# Lepidiolamprologus kendalli



## 24Tropheus (Jun 21, 2006)

Is anyone keeping?breeding this fish?

Must say after buying a WC pair they seem very mild.
I was expecting dificulties reading the profile.
Temperament: Highly Aggressive
Conspecific Temperament: Highly Aggressive

Couple of rubbish photos of em
These are _Lepidolamprologus kendalli_ (Kasanga) I am told by the importer.


and



Ruddy fish if one is not hiding its head a fish swims past and blocks the other.  

All the best James


----------



## Chester B (Dec 28, 2012)

I've had these a couple of times in the past. Started with some juveniles and always ended up with one. In my experience they were harder on one another than towards other species. I think my mistakes were 1) not a big enough tank and 2) didn't buy enough juveniles at one time. They are a more uncommon and fish are quite expensive compared to other cichlids, at least around here. I haven't had any experience with wild adults.

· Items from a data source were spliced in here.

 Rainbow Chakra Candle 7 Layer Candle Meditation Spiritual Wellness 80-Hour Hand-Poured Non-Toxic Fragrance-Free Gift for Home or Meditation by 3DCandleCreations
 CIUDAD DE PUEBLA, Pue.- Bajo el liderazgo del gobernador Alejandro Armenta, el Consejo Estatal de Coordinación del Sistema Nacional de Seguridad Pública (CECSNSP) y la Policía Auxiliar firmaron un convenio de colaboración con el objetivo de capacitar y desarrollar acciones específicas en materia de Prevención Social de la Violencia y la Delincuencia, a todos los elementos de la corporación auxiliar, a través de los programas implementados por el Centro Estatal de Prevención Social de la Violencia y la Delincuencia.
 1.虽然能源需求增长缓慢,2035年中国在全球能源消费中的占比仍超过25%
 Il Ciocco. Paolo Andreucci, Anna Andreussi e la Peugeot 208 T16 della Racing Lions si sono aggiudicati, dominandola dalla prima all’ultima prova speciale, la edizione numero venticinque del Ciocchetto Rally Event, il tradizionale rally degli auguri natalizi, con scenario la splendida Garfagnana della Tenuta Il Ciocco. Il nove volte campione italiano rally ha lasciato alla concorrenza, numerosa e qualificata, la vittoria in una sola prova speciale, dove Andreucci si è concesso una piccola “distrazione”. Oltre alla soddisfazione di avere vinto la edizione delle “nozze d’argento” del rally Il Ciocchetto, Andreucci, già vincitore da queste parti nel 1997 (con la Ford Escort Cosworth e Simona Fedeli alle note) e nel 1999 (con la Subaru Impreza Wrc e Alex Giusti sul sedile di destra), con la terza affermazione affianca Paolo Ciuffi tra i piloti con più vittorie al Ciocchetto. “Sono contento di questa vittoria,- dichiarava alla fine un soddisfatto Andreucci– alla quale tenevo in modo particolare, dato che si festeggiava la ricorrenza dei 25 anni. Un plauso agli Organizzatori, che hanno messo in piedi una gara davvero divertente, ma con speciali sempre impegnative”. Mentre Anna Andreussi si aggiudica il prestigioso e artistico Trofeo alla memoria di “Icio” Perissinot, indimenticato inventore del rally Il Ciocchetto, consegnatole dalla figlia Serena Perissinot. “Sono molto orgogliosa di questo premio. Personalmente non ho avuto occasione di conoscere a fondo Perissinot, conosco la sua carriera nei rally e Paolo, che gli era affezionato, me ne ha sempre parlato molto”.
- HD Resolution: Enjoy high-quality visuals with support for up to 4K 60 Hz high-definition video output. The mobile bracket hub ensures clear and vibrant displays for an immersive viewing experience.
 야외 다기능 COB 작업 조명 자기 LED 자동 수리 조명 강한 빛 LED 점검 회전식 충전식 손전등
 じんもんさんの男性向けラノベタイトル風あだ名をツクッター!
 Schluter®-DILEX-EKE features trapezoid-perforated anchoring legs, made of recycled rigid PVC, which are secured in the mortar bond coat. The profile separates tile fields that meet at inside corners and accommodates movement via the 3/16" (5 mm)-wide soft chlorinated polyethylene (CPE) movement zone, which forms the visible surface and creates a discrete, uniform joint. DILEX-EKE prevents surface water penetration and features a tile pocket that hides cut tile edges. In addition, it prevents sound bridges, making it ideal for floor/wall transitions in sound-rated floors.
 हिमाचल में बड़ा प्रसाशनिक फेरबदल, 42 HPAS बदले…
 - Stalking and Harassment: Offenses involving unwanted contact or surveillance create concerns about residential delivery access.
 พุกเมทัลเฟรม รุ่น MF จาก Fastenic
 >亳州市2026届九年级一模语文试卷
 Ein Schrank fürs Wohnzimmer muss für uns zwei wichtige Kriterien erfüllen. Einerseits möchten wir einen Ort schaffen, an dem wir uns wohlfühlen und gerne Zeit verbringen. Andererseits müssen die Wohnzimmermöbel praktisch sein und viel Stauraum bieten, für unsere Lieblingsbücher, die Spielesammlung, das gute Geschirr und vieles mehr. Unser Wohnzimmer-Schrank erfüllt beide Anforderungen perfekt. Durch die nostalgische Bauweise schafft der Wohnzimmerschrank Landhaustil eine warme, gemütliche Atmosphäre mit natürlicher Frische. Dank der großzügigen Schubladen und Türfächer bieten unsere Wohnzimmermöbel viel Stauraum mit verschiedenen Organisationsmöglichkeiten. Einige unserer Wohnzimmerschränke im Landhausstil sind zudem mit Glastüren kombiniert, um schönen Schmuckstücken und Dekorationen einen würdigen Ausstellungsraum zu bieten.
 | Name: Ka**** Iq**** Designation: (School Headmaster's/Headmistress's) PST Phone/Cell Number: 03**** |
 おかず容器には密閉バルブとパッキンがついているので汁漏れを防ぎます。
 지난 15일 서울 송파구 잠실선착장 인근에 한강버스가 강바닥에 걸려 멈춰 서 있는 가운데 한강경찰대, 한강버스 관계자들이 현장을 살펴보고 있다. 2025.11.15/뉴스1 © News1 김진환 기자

One member on here dstuer keeps L. elongatus with a divider between male and female with a hole small for only the female to pass. I know its not exactly the same species, but is something to think about if you end of having issues later on.


----------



## 24Tropheus (Jun 21, 2006)

Thanks. I am guessing I lucked in or rather the dealer managed to pic me an established pair. Seen no aggression what so ever so far. Mind you one fish the dom calvus has simply gone missing. Maybe he was daft enough to try his luck and was erm quicky dispatched.

I rather think I may have probs if they decide to breed.

Getting a tank ready for em so hopefully it will be a happy event rather than a blood bath.

All the best James


----------



## gverde (Mar 3, 2010)

I have a 3" juvenile that I'm not sure of the sex. Doesn't bother anyone in a community tank. Keeps to himself.


----------



## 24Tropheus (Jun 21, 2006)

8) But kind of looking for advice on breeding em.


----------



## Razzo (Oct 17, 2007)

James, they are VERY high on my list to combine with my fronts in my 240 gallon tank. I am looking at getting some Nkambae.


----------



## 24Tropheus (Jun 21, 2006)

For sure cool guys. Found a guy near me that bred em. Trying to learn how he managed it 8)


----------



## JoeU (Dec 27, 2012)

It's my absolute favorite cichlid. I had one in the past, years ago in a 55-gallon (4-foot-long) community tank, and he really never bothered anyone. But every time I tried to keep one other than that one, he would kill and eat everything else in the tank, even fish almost his own size.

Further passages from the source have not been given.